GUARDIAN, UK What is it with photographers these days? Are they really all terrorists, or does everyone just think they are?

Since 9/11, there has been an increasing war on photography. Photographers have been harassed, questioned, detained, arrested or worse, and declared to be unwelcome. We've been repeatedly told to watch out for photographers, especially suspicious ones. Clearly any terrorist is going to first photograph his target, so vigilance is required.

Except that it's nonsense. The 9/11 terrorists didn't photograph anything. Nor did the London transport bombers, the Madrid subway bombers, or the liquid bombers arrested in 2006. Timothy McVeigh didn't photograph the Oklahoma City Federal Building. The Unabomber didn't photograph anything; neither did shoe-bomber Richard Reid. Photographs aren't being found amongst the papers of Palestinian suicide bombers. The IRA wasn't known for its photography. Even those manufactured terrorist plots that the US government likes to talk about -- the Ft. Dix terrorists, the JFK airport bombers, the Miami 7, the Lackawanna 6 -- no photography.

Given that real terrorists, and even wannabe terrorists, don't seem to photograph anything, why is it such pervasive conventional wisdom that terrorists photograph their targets? Why are our fears so great that we have no choice but to be suspicious of any photographer?

Because it's a movie-plot threat. . .

Terrorists taking pictures is a quintessential detail in any good movie. . . The problem with movie-plot security is it only works if we guess the plot correctly. If we spend a zillion dollars defending Wimbledon and terrorists blow up a different sporting event, that's money wasted. If we post guards all over the Underground and terrorists bomb a crowded shopping area, that's also a waste. If we teach everyone to be alert for photographers, and terrorists don't take photographs, we've wasted money and effort, and taught people to fear something they shouldn't.

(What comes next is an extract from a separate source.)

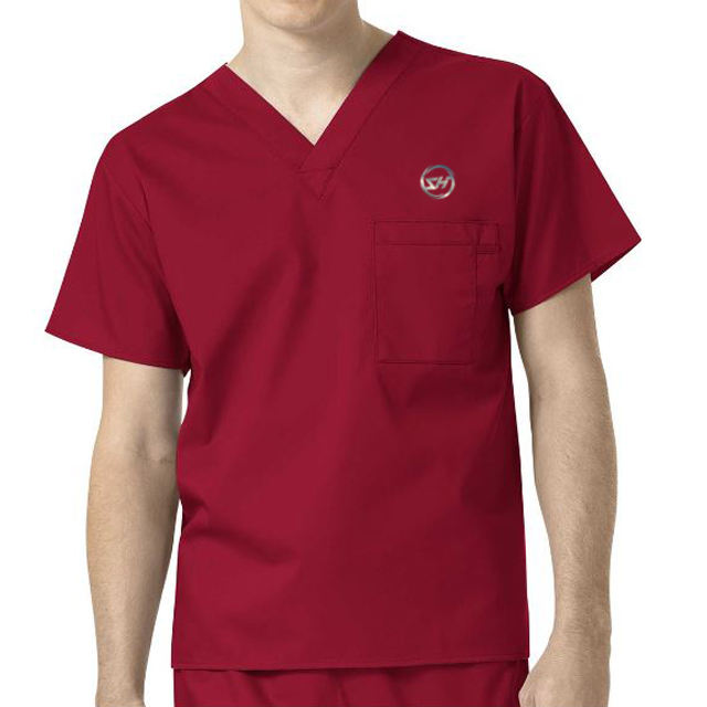 ชุดยูนิเซ็กซ์สำหรับบุคลากรทางการแพทย์แบบสั่งทำพิเศษ คอวี ผ้าทอผสมคอตตอนและโพลีเอสเตอร์ พร้อมบริการพิมพ์โลโก้ตามสั่ง สำหรับใช้ในโรงพยาบาล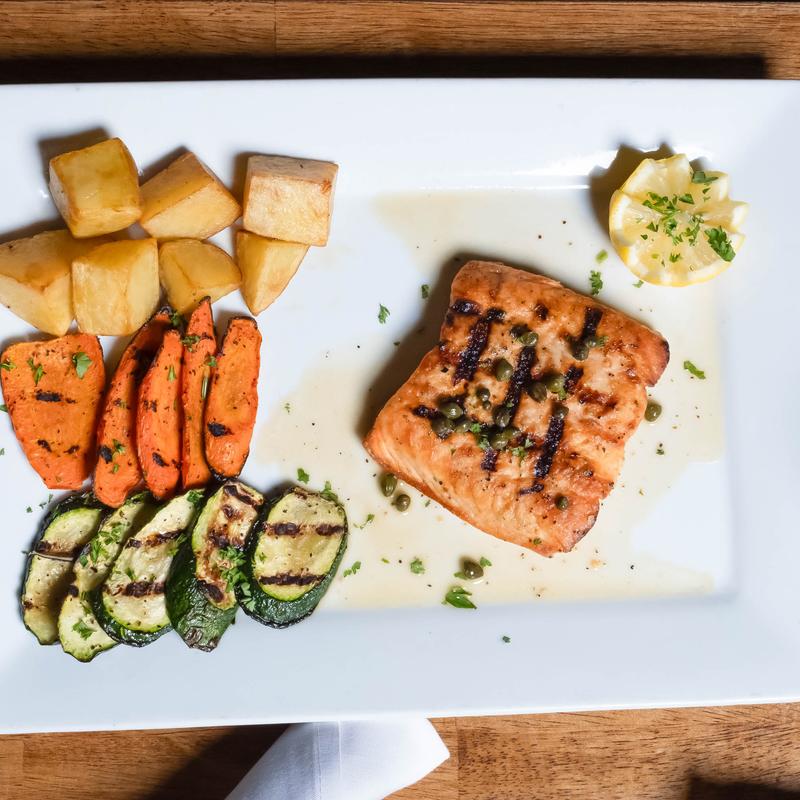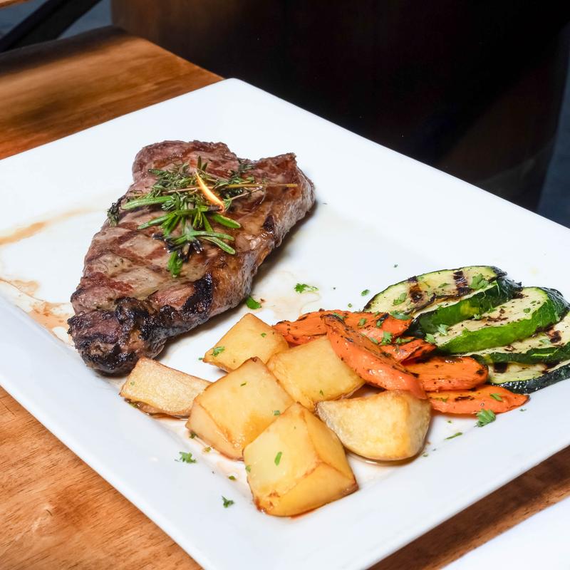New York steak grilled prepared to your preference, sliced and top with Salmoriglio sauce

And even if terrorists did photograph their targets, the math doesn't make sense. Billions of photographs are taken by honest people every year, 50 billion by amateurs alone in the US And the national monuments you imagine terrorists taking photographs of are the same ones tourists like to take pictures of. If you see someone taking one of those photographs, the odds are infinitesimal that he's a terrorist.


At June 5, 2008 9:53 PM, Anonymous Anonymous said...

The silliness of the "war on terror" and the costly, paranoid, and ultimately ineffective police state it has spawned is starting to hit home.

At June 6, 2008 9:35 AM, Anonymous Anonymous said...

The whole War On Terror thing has been nothing but showbiz from the beginning. The actions being taken by the government are not at all intended to catch terrorists. The instant 9/11 gave them the pretext, the paranoid power-hungry elite decided this was the perfect excuse to create an SS/KGB-style police state in America by which everyone is made afraid of everyone else.

Fool of Eris

All honest people are expected to inform on anyone they see whose behavior does not match white middle-class social norms. Since the average is that which no one ever exactly matches, we can all be made suspects.